I’m not trying to prove you wrong. I’m merely stating that the Joker/Batman philosophy wasn’t always present in Joker/Batman stories. In fact it’s fairly new when comparatively speaking. And mostly it’s brought up by writers because of their long literary rivalry, something that couldn’t be written or even noted by fans until many years after their inceptions. So I don’t really think it’s fair to criticize Jacks Joker for lacking that so-called philosophy, really first brought aloud in Killing Joke, which did influence Batman 1989, but was also extremely new at the time too. So Jack’s not inaccurate, just accurate to a different depiction of the Batman/Joker duel. Plus it could be argued that it is there, just not as blatantly. Nolan is often criticized as being pretentious, which I can def. see how some could view it that way. Instead of having the audience themselves find the Jokers mantra, the Joker instead speaks it very aloud in The Dark Knight by describing his every "chaotic" reason.

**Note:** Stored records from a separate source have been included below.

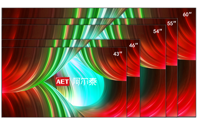 采用 AET 阿尔泰第三代控制架构,拥有五个国际标准尺寸规格 43吋、46 吋、54吋、55 吋、60 吋,屏幕宽高比 16:9,模组厚度最薄可达 28.3m,接近于一元硬币直径,视域超 160”,观看无死角、无偏色,清晰度无封顶,兼容传统LCD 安装尺寸及孔位,无缝衔接替代 LCD/DLP 产品。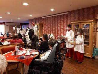 Vergangenen Freitag trafen sich 13 Ministrantinnen und Ministranten im Pfarrzentrum, um für die Bewohner im SenVital kleine Engel zu falten. Schnell hatten die Teilnehmer den „Dreh raus“ und so konnte eine beachtliche Stückzahl erreicht werden. Am 5. Dezember wurden sie dann mit dem Nikolaus und dessen Gefolge überreicht. Die Bewohner hatten sichtlich Freude an der Überraschung. Herzlichen Dank an alle Bastler und an Florian und Sonja; es ist schön, wenn ihr im Advent auch anderen Menschen eine Freude macht.
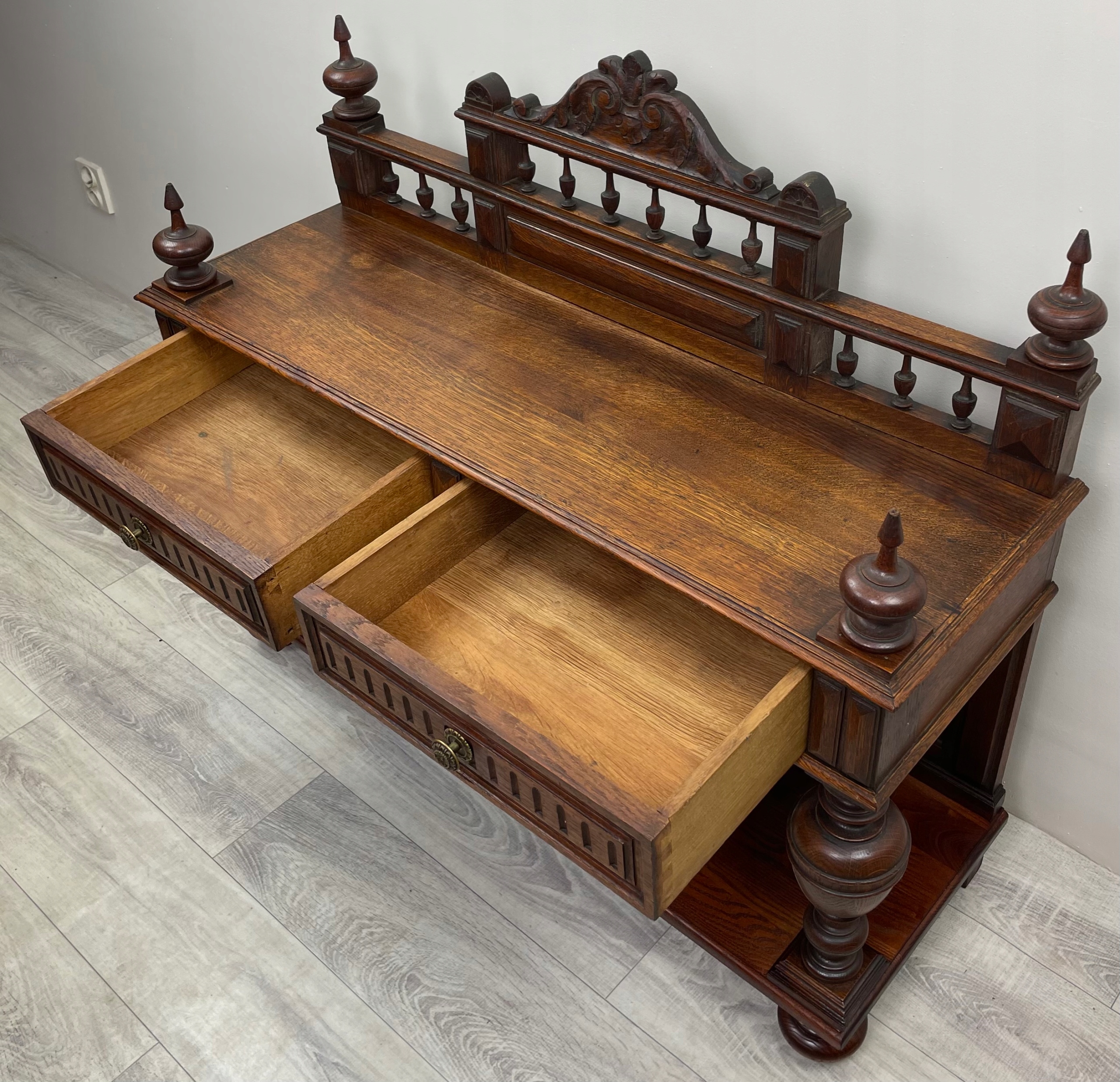 Комод имеет два ящика.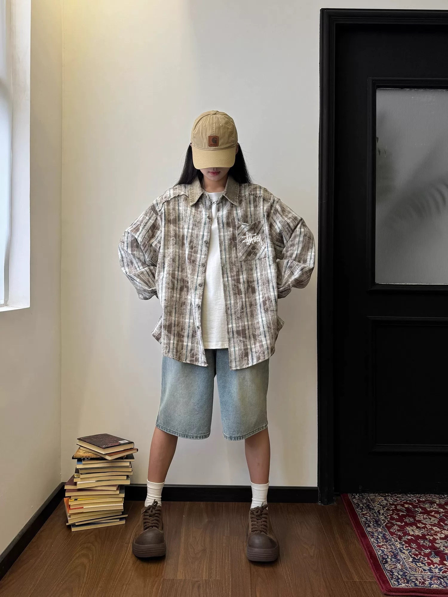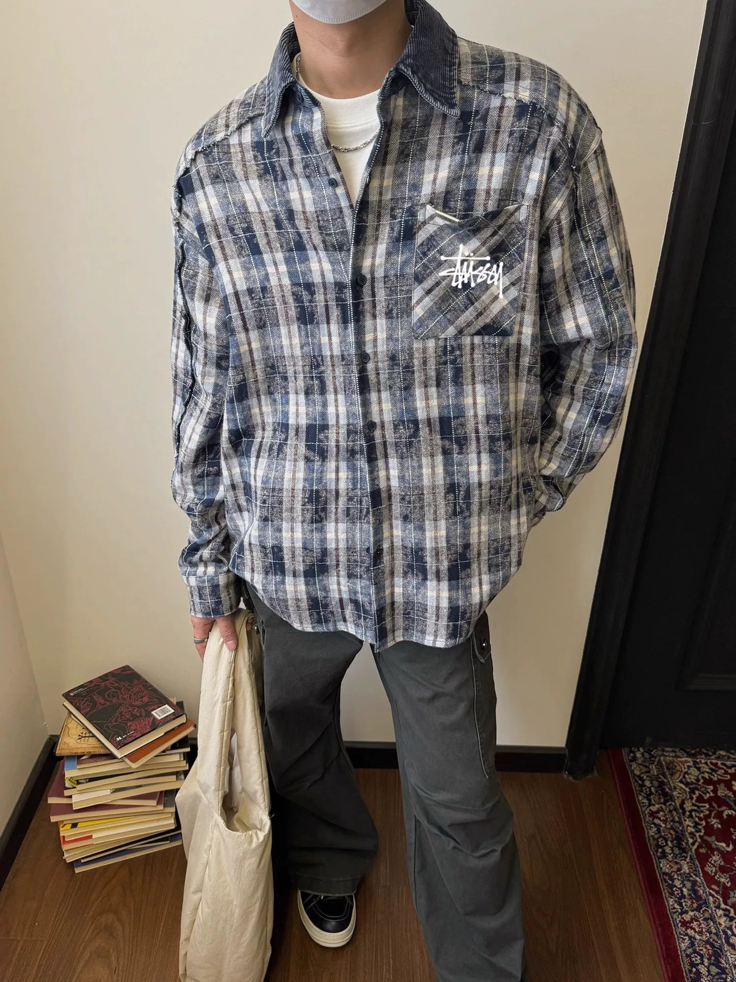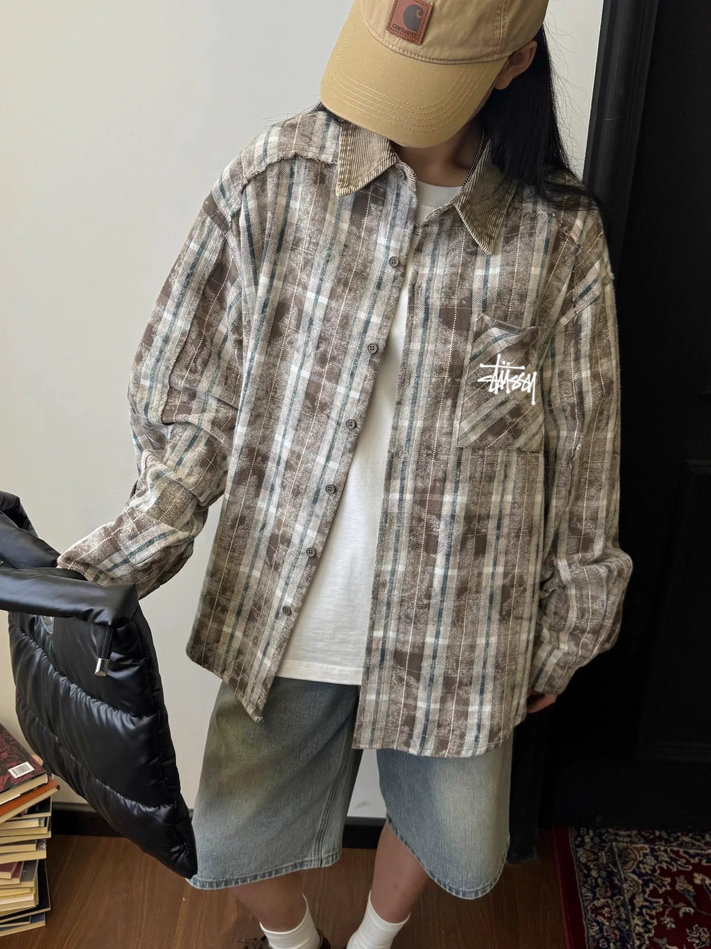 100156386 - 斯图西Stussy美式复古翻领格子衬衫男女同款春秋拼接扎染设 332022
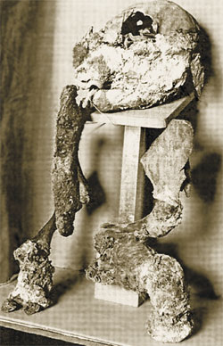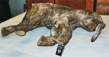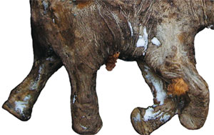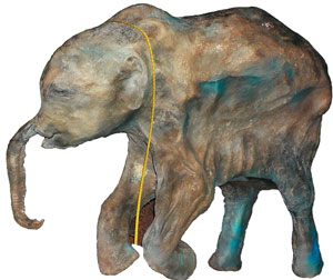 «Мамонтёнок Маша». Возраст — один-два месяца. Высота в холке — около 69 см, длина—1 м 25 см. На задней поверхности правой задней стопы видны повреждения, которые, видимо, и вызвали его гибель. Хранится в Зоологическом музее РАН. Фото Евгения Мащенко.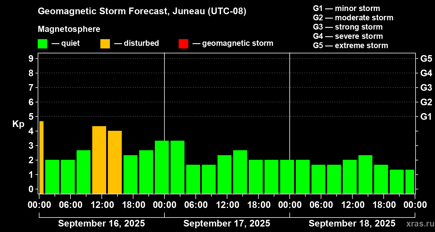 Geomagnetic storm forecast in Juneau for Sep 16, 2025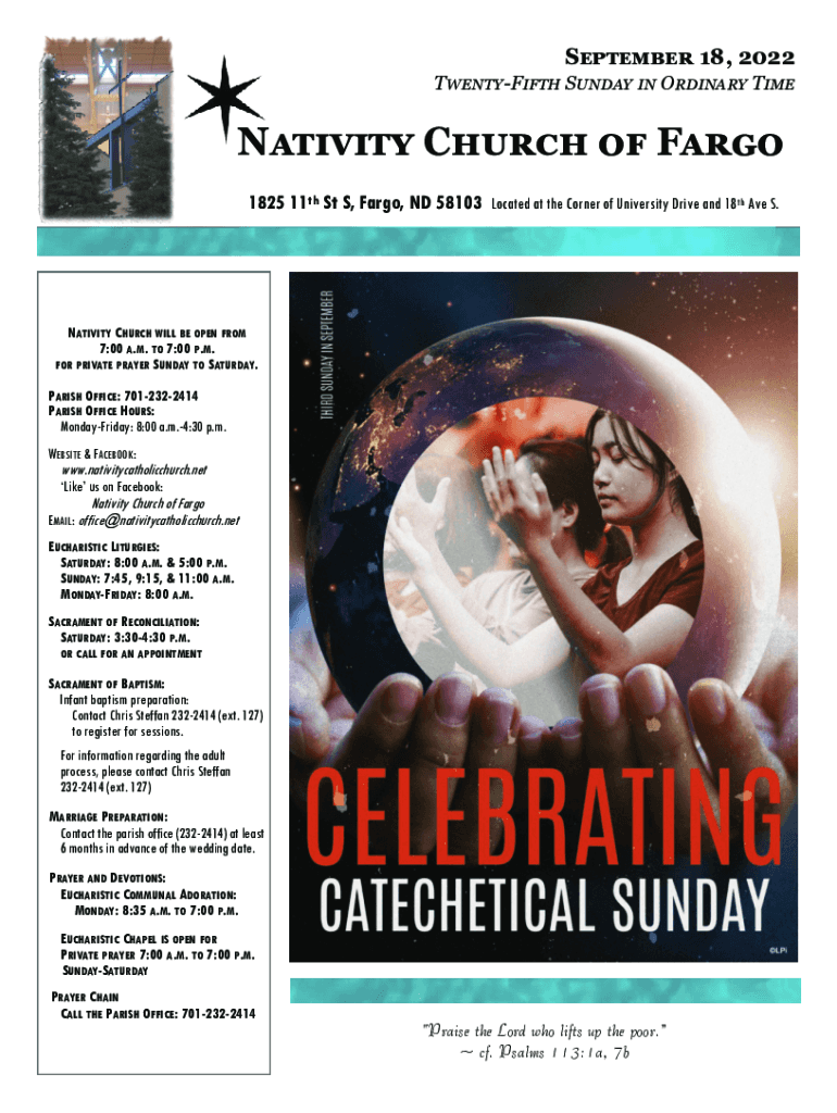 September 18, 2022, Twentieth Sunday in Ordinary Time Nativity Church of Fargo 1825 11th St S, Fargo, ND 58103Located at the Corner of University Drive and 18th Ave S.NATIVITY CHURCH WILL BE OPEN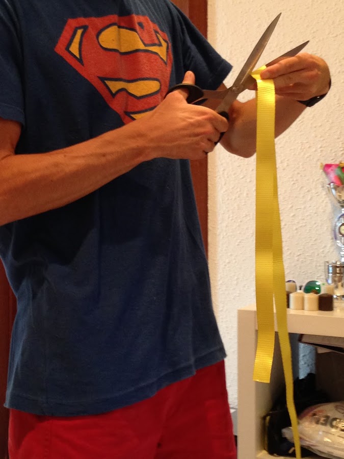 Con todo el material encima de la mesa, procedemos a cortar los dos trinquetes de amarre a la medida de 2,50 cm, cerciórate de que los dos trinquetes estén totalmente bien estirados y rectos (en el suelo) y que los cortas a la misma medida.
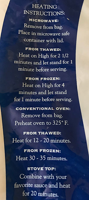 First, let us be realistic. Are these Trader Joe’s frozen meatballs anywhere as good as my own homemade ones (which in all modesty are pretty good?) Of course not. However, making meatballs is kind of a lot of work. So I wanted to try these Trader Joe’s all beef “Meatballs Italian Style” to see if they are any good. We did enjoy actually them with my own tomato sauce for a pretty easy dinner. So these might be worth giving them a try to see what you think. The dish I made with these turned out tasty. I made an easy quick sauce: olive oil, garlic, onion, tablespoon of tomato paste, can of diced tomatoes, grated pecorino cheese and basil – a recipe is below). Of course you can just use a bottle of sauce you lazy bones, that’s fine. I put the meatballs in the sauce and simmered them for 30 minutes to hopefully get them flavored with the sauce. They turned out pretty well, my main complaint being they had a slightly rubbery texture. Honestly I don’t know if they always do or it was my fault defrosting them (or not). I would usually thaw something like this in the fridge overnight as I always recommend, but this was a last minute dinner idea and I thought maybe I could just put the frozen meatballs into the sauce and slowly defrost them on low in the sauce (which the package does kind of say). Is that why they came out a bit rubbery? Next time I’ll defrost them slowly and see. Anyway I served the meatballs and sauce and some of TJ’s fantastic Country Loaf bread I had found. We did kind of a “meatball sub” with these which was actually pretty tasty. A few night’s later, I made Ziti with the leftover meatballs & sauce – also tasty. So my take is these are worth giving a try, either with your own sauce or your favorite TJ’s sauce. I do suggest doing a proper defrost (thaw in fridge night before). Also I will brown up the thawed meatballs even more in olive oil before adding to sauce. Browning meat gives lots of flavor. I recommend you simmer these in sauce for at least a 1/2 hour to absorb flavors. These ITALIAN MEATBALLS were about $4.50 for a 1 lb bag. FYI , TJ sells other versions, one made with Turkey and one Meatless, all of which you will find in the frozen section near these.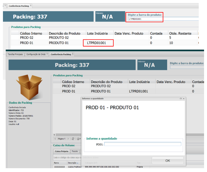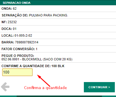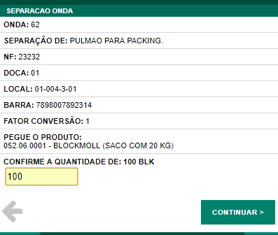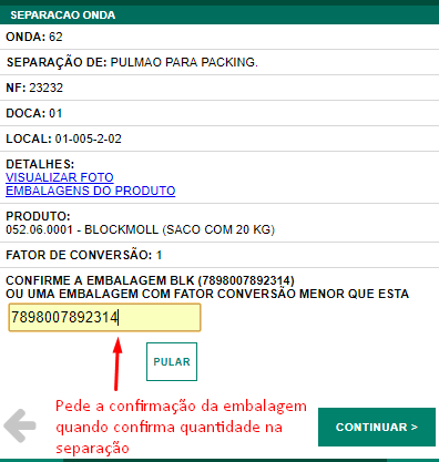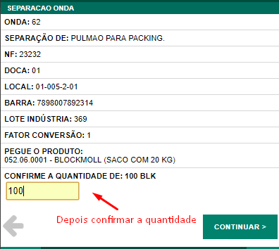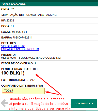control el WMS primero solicita el lote industrial, luego muestra la cantidad a separar con sus factores de conversión. Ej: tome 15 CX (10) y 7 UN. Pero si el sistema está configurado paraSolicitar la cantidad al usuario, también es necesario confirmar el empaque que el usuario encontró en la dirección luego de informar al lote de la industria.

Yeah, I mean, you don't expect the Joker to waffle on about the ying/yang of their struggle etc every time he appeared , it would get tiresome. But, you do get refences to this frame of mind he has on the situation through the books of the 70s and 80s every now and again, it was a staple that the Joker's character was partially composed of this attitude in regard to his struggles with BM.
'5 way' was a milestone, and what every succesive Joker writer would have based their character off. Denny O Neil was editing the books, and would have kept that philosophy in(that he introduced), as in, he would have rejevted anything that deviated from it. ie The Joker may hate BM, but he respects him.
I have to say, it was there in the books(edit: post '5 way'), refs to their ongoing titanic battle of wits, and how they were made for each other.
I realise Jack's could be said to be based on the earlier era, but you were saying most Batman comicbook fans you came across preffered Nicolson, when this is simply not the case. To a lot of fans, myself included, we finally got the Joker you would expect to see in a modern BM tale, ie since '5 way'.
edit: and you have now edited in since I quoted you, that you have come across many cb fans who prefer Ledger, but that was different to what you were saying before, which is what I was talking about here.
The Joker explaining himself and his actions lead to some great dialoge, and that fantastic interogation scene, which was not the usual interogation room scenario, I wouldn't change any of that personally.
edit: What the Killing Joke did was bring this situation to a head, but it had always been there since the modern joker was introduced in '5 way'.
I've said this in a KJ thread before, and i remember this feeling when I first read it, but the best thing about the KJ, to me, as a long term fan, was that it contained the no bs conversation between BM and the Joker we had all been waiting on.
With the refs to their ongoing battle of wits, made for each other etc, Alan Moore took that on board and had BM confront the situation with his 'We're going to kill each other' spiel, the conversation that ends up getting aired between them at the end of the book(and could not have been executed better imo).
edit: RE: your statement that the ideological rivalry is there in Batman89, but just not as blatant.
No, it's not there, what is there is a hamfisted attempt to give the Joker and Batman a connection through making the Joker the killer of Batman's parents.
What this results in is giving the audience the impression that Batman is all the more determined to hunt down and kill the Joker beacause of this action, not because his crimes are growing more out of control, and it becomes an act of revenge, not justice.
Why not just have Batman going after the Joker because they are natural enemies, Batman, the guy who tries to control the chaos of the world, and the Joker, the bringer of chaos.
They went for a usual 'Death Wish'/'Commando' revenge movie trope, instead of writing up a more serious and intelligent Joker, and in the process gave Batman a quality he had never had before in the comics, that of a bloodthirsty killer dead set on revenge.